It represents the ASCII code for the letter `C'.
It represents something that the programmer really thinks of as a bit pattern; in this case, it can be expressed in hexadecimal(0x43), octal (0o103) or binary (0b01000011) notation.

All of the following assembly language instructions generate the identical machine language code (0x8643). However, they express the bit pattern ``01000011'' in different ways that more closely resemble the programmer's intent and are augmented with additional private comments that make the intent even more explicit.

 ldaa #67         ;expected average percent grade (rounded up)
 ldaa #'C         ;expected average letter grade
 ldaa #0x43       ;Opcode for the COMA 6811 instruction
 ldaa #0b01000011 ;DEVfoo cntrl: intrpt, pulse handshake, POS logic

Symbolic Constants

The previous examples stress that numbers should be expressed in a format closest to the programmer's abstract idea of the number. This alone, however, is often not sufficient. Rather, important constants should be given symbolic names that reflect their meaning.
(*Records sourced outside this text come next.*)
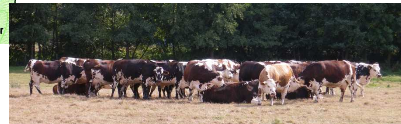
Élevage à la ferme du Puisseau

Office de tourisme du Pays d'Avre, d'Eure et d'Iton 129 Place de la Madeleine 27130 Verneuil-sur-Avre Tel : 02 32 32 17 17 www.tourisme-avre-eure-iton.fr
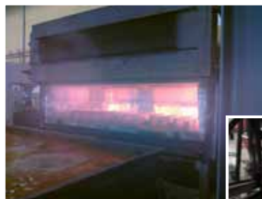
Vår härdugn och kylbassäng

Till skillnad från produkter framtagna ur färdighärdad plåt, skärs och bearbetas FBs X3M-produkter till färdig form innan härdning. Detta medför rätt hårdhet på detaljens alla ytor som annars tappar härdning efter skärning (anlöpning). Produkter ur FBs X3M-serie anpassas i hårdhet och seghet för att uppnå bästa möjliga resultat med avseende på LCC.
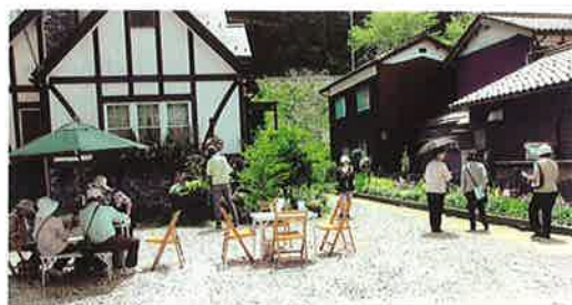
オープンガーデンの見学風景

「せめて我が庭だけでも見てもらおう」と「訓谷オープンガーデンの会」として再出発して4年目になります。
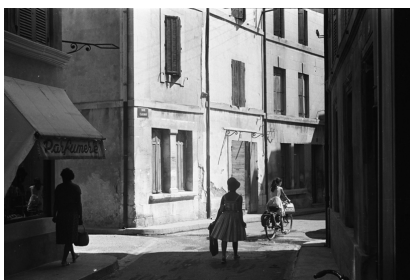
Arles, Alfred Latour s.d.
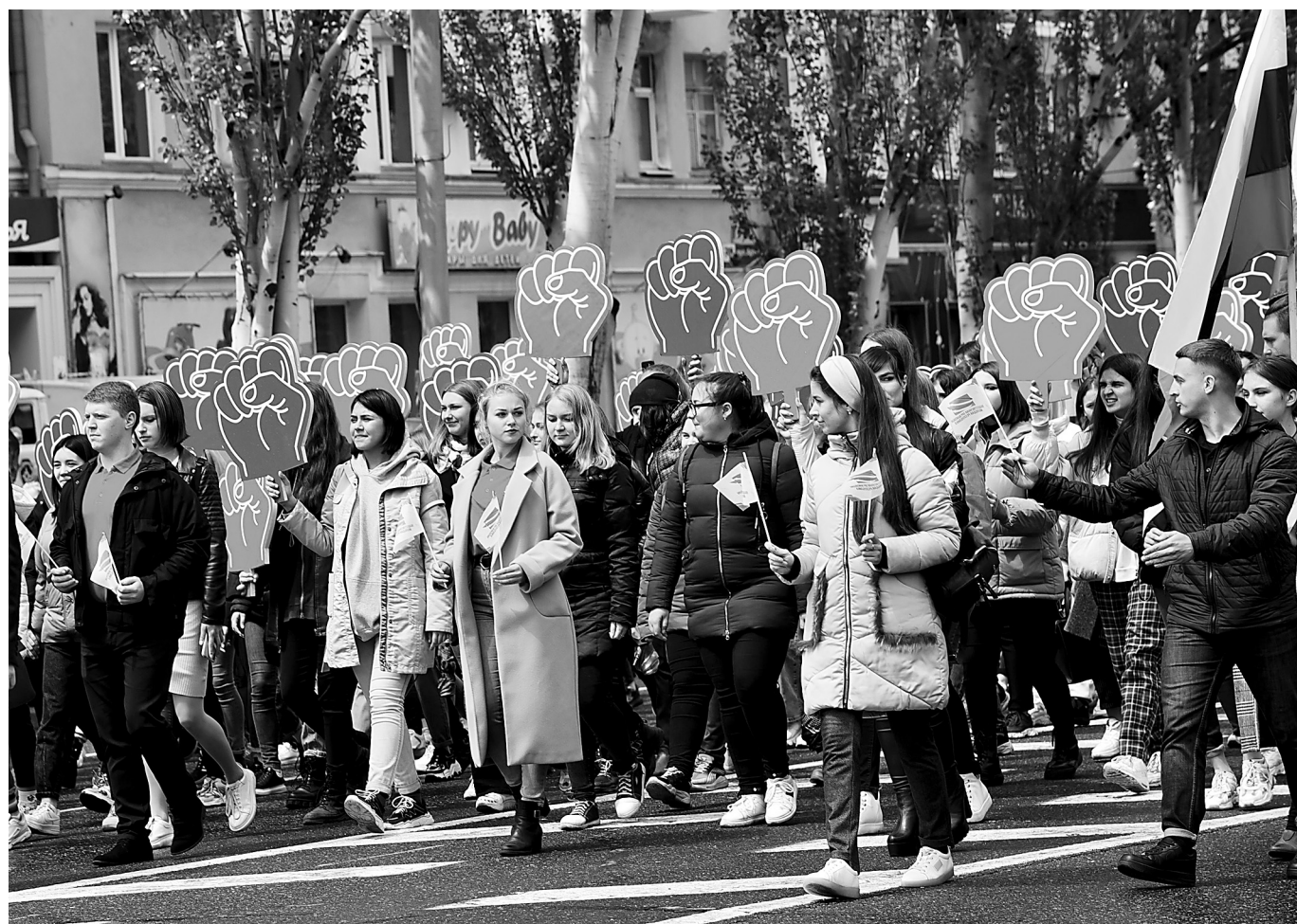
Первомайская демонстрация в столице ДНР.

Началась череда выходных с короткими перерывами на рабочие дни. Что для жителей ДНР предстоящие праздники и как собираются их провести? Самое лучшее для такого общения – донецкие бульвар Пушкина и Парк кованых фигур. Туда и отправился.
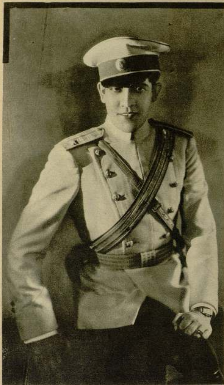
José Mojica en «El príncipe de Arcadia».

El público se ha estremecido durante mucho tiempo con las fechorías de los «traidores» del cine, malvados de todas las especies y categorías, con la consiguiente gama de sentimientos malos que caben en el pecho de un villano.
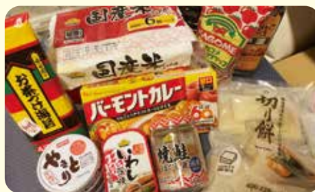
ミニフードバンク事業
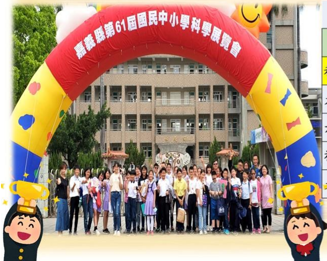
嘉義縣國民中小學科展歷年團體成績前五名一覽表

109年度、110年度和睦國小科學團隊參加 嘉義縣60屆、61屆科展 連續兩年榮獲國小團體組特優第一名
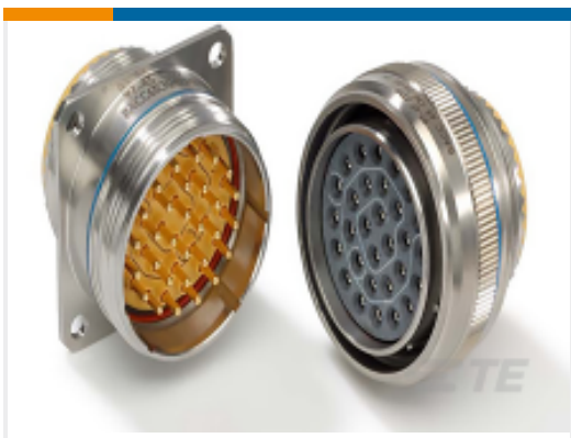
TE 产品编号ZPF000000000008042 983-3KE-C 12
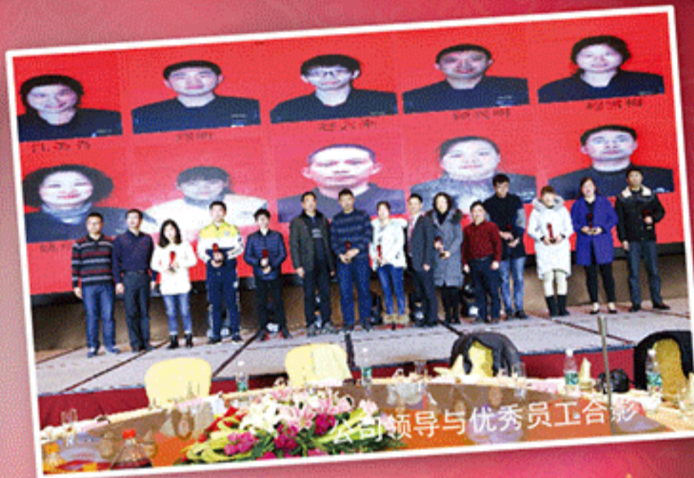
公司领导与优秀员工合影
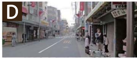
D ● 駅周辺とのにぎわいの 連続性の確保
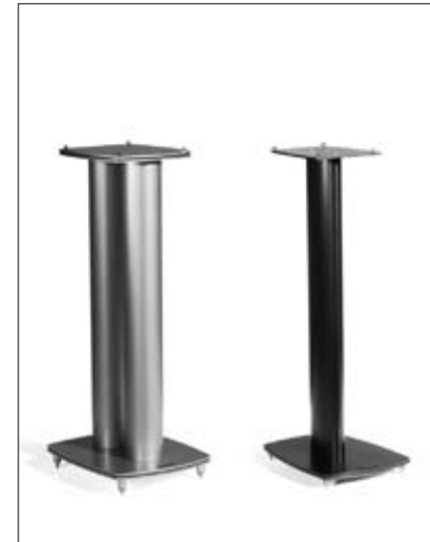
Stand 4 (silver), Stand 1 (black)

Most often a subwoofer will be utilized for the LFE-signal in such setups, especially in larger listening rooms. The position of the subwoofer will be dependent upon the size of the room and its acoustics. Dynaudio recommends placing the subwoofer close to the front speakers, but not too close to any walls, corners or furniture. This helps make it easier to sonically integrate the subwoofer in the existing surround channel setup.
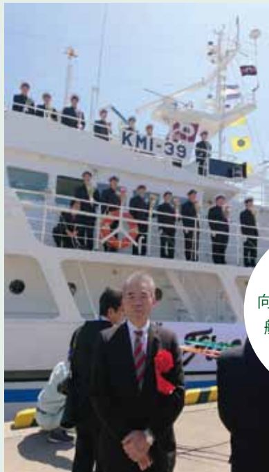
実習船「熊本丸」出発式にて
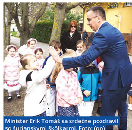
Minister Erik Tomáš sa srdečne pozdravil so šurianskymi škôlkarmi.

Pred odchodom minister krátko podebatoval s prítomnými občanmi a so Šuranmi sa rozlúčil vetou: „Keď sa deti smejú, je šťastný svet.“ Možno prednedávnom by bola vnímaná ako kliše, dnes sa však ukazuje jej hlboká pravda. (op)
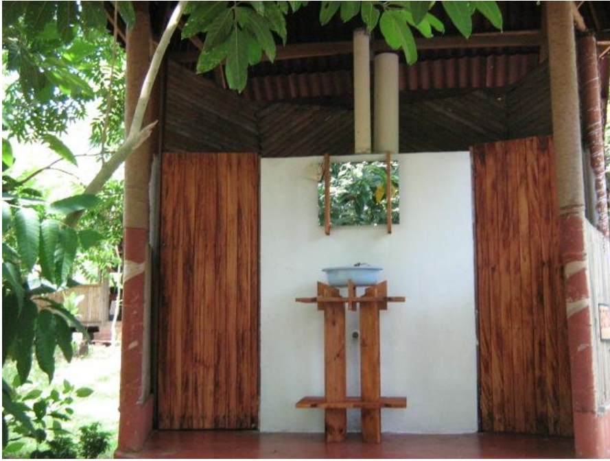
Baños secos, sistema de ecotecnias
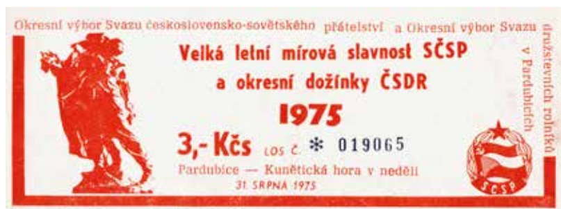
Lístek ze slavnosti pořádané Svazem československo-sovětského přátelství (SČSP) v srpnu 1975 a odznak téhož - na obou je Sbratření zobrazeno
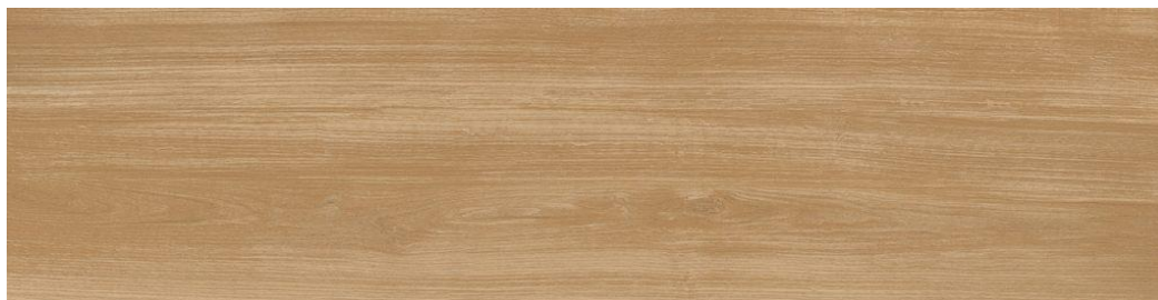
PORCELANATO ACETINADO RETIFICADO LEGNO DORATO 26X106, BIANCOGRÊS
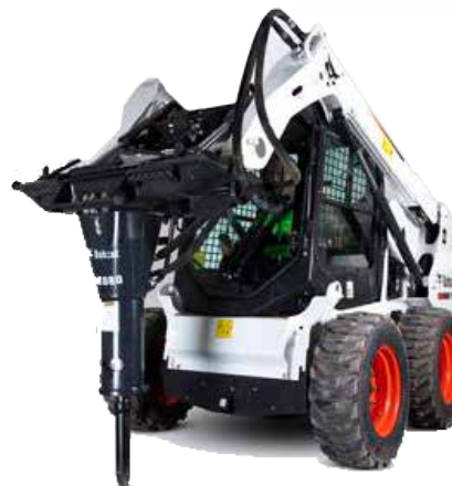
Bobcat 553 con martillo
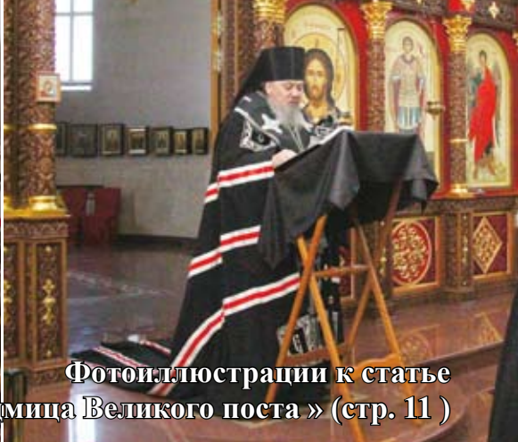
Фотоиллюстрации к статье «Первая седмица Великого поста» (стр. 11)
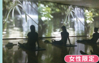
プロジェクションヨガ 幻想的な映像と音楽がヨガの効果を高め、心身を癒します。 女性限定
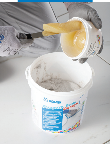
Verser le durcisseur (composant B) dans le bidon du composant A
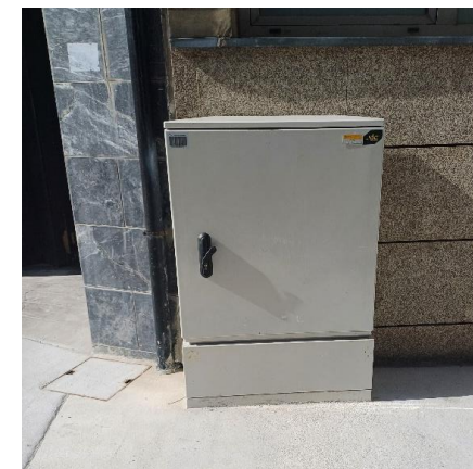
AD Tipo X
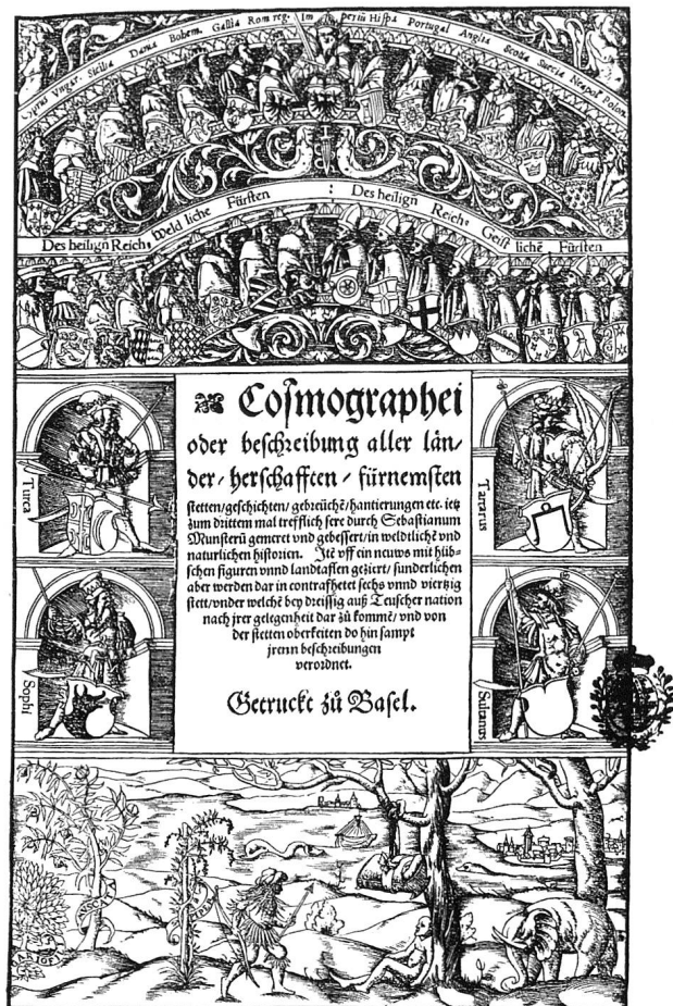
Sebastian Münsters Kosmographie. Titelblatt nach dem Reprint von 1988

lich angeschlagenen Lesern die Hoffnung erweckte, dass auch sie von ihren Leiden befreit werden könnten, beendet Münster seine Schilderung des Heilbades von Pfäfers.
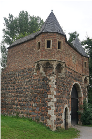
Stadtmauer Zons, Südtor (2017)
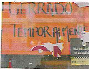
Los dueños optaron por cerrar la plaza hasta nuevo aviso.

En junio, REFORMA publicó que, después de la pandemia, al menos 13 calles del Primer Cuadro sumaron 17 edificios y cientos de negocios que fueron convertidos en bodegas y lugares para venta de este tipo de artículos.
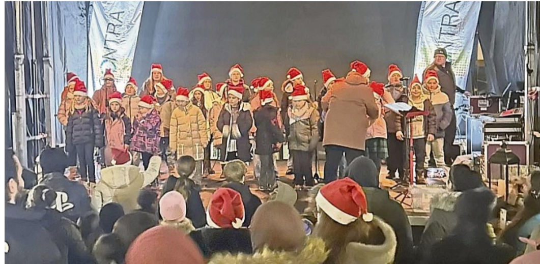
Der erste öffentliche Auftritt des Schulchores der Regenbogenschule auf dem Kupferstädter Adventsmarkt begeisterte die Besucher

„Ein riesiges Dankeschön geht an alle Helferinnen und Helfer, die HEWA-Veranstaltungstechnik, die ASH, alle Marktteilnehmerinnen und
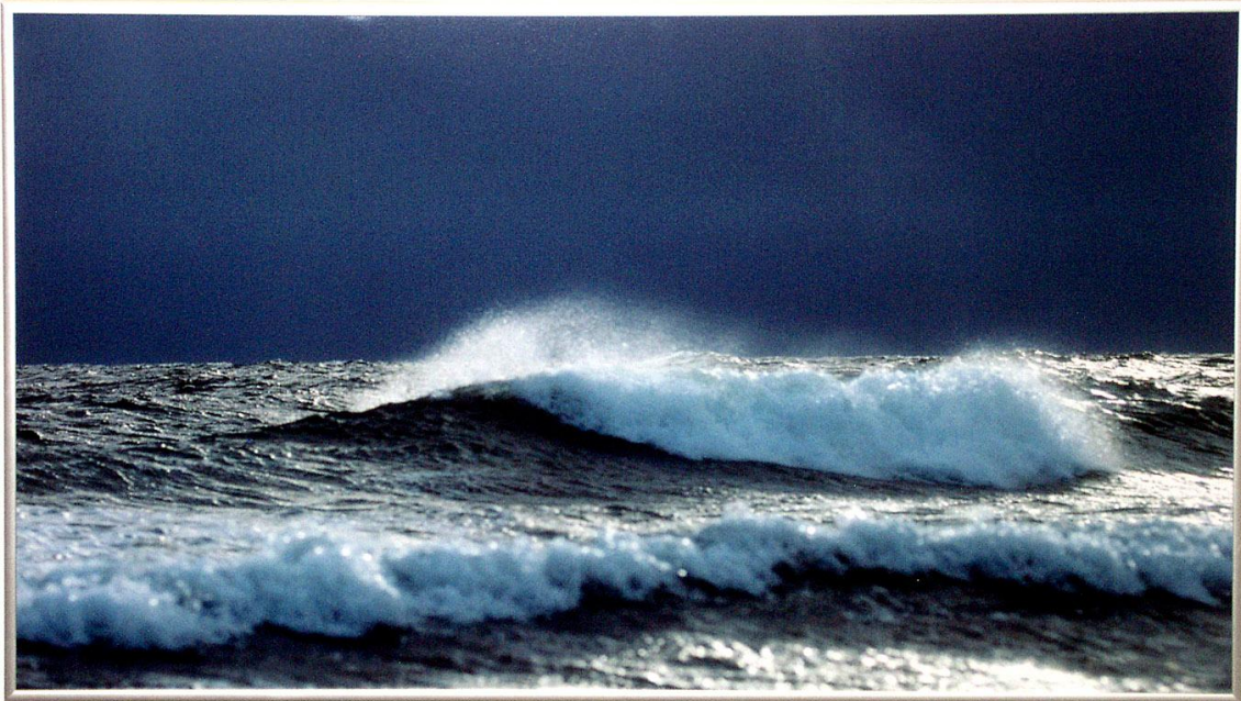
Bakom varje våg döljer sig en ny värld.
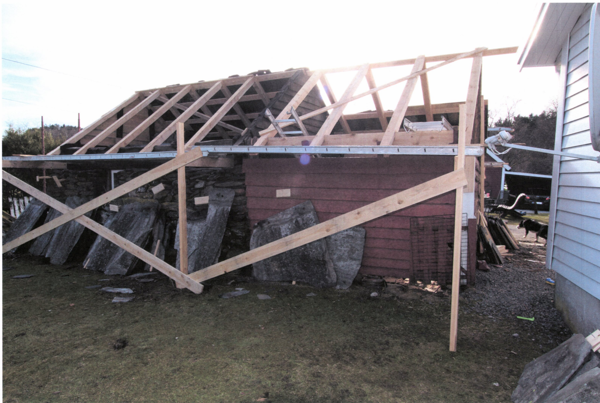
Nye taksperrer på plass

As a simple example, the code above should be re-written by first defining the values of symbolic constants (with meaningful names) as follows:

      EXPECTED_AVG_PERCENT_GRADE = 67; (rounded up)
      EXPECTED_AVG_LETTER_GRADE = 'C
      OPCODE_COMA = 0x43
      INT_ENABLE = 0b01000000
      PULSE_HAND = 0b00000010
      POS_LOGIC  = 0b00000001
      CTRL_IE_POS_PULSE = INT_ENABLE | PULSE_HAND | POS_LOGIC

The instructions can then be written so that their meaning is self-evident:

       ldaa #EXPECTED_AVG_PERCENT_GRADE
       ldaa #EXPECTED_AVG_LETTER_GRADE
       ldaa #OPCODE_COMA
       ldaa #CTRL_IE_POS_PULSE

Once again, all of these instructions produce the identical machine language (0x8643).

Let's look at this issue from the opposite point of view. Suppose that the machine language for a section of code is 0xCC02EEBD7123. The machine language instructions can be disassembled to produce:

    ldd #0x02EE
    jsr 0x7123

It is conceivable (though unlikely) that this is what the assembly language programmer wrote.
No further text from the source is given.